People shrimping in a river don't find a lot in any one place, but
one here, another there." Many of those without regular jobs do nothing
but camaronear. We know one who works as a free-lance karate
teacher, massage therapist, carpenter, and bartender.
In a
university professor's office a graduate student told us about the
increase since 1980 in the number of Ticos who polaquear (peddle)
things to people in homes and offices, often on credit. (The verb
comes from polaco, the term for Eastern European Jewish immigrants
of the 1920s and 1930s who made a living by peddling door-to-door.)
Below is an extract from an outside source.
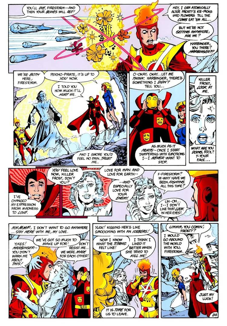 Sin embargo, cuando su némesis Firestorm la despierta, Harbinger le dice a Psycho Pirate que manipule sus emociones para evitar que lo mate. Esto hace que este último la haga sentir amor mientras se enamora de Firestorm, en una decisión narrativa con la que no estoy de acuerdo.

While we talked, one student brought in a painting he hoped to sell
to the professor; another peddled coffeemakers. Meanwhile, the professor
touted her own new book to everyone who entered. Many of the new polacos-with
no ethnic implications-are middle-class people whose salaries buy
less with devaluation and inflation.
One big
business is clearly not "on the books"-the laundering of drug money,
which may involve hundreds of millions of dollars annually. It is
widely believed that this money is used to build hotels, malls, and
urban residential complexes. Money laundering is said to be easier
since the government relaxed currency regulations under structural
adjustment. The laws make it difficult to prove guilt, and by mid-1995
only two persons had been convicted.
In the
formal economy, even in businesses managed by Ticos, culture shock-on
both sides-can impede productivity. Many textile workers feel that
they are treated like machinery: Each stage of operations in making
an article of apparel is regulated by whistles, conversation is prohibited,
and managers rarely mix with workers even during coffee breaks. Managers
find it hard to convince workers of the need for discipline, punctuality,
and precision. A former director of the Chamber of Textiles says,
"In the international market half a centimeter is half a centimeter;
sometimes a whole shipment is returned because it is off just a tiny
bit."
The Chamber
of Textiles has proposed conferences to teach foreign investors how
Costa Rican culture affects work. Sensitive about personal dignity,
Ticos are not ready to admit mistakes or to forgive a scolding or
correction made in the presence of others. They want to be recognized
as individuals with the courteous rituals common among Ticos. They
want above all to quedar bien, to make a good impression in the face-to-face
encounter of the moment even if it means pretending to understand
an unclear directive or promising to fulfill it when they know they
can't or won't. One saves face for an employee by asking matter-of-factly,
"It's not finished yet, no?" rather than "Haven't you finished it
yet?" But this works better with a single employee than in a factory
where the work of many must be coordinated.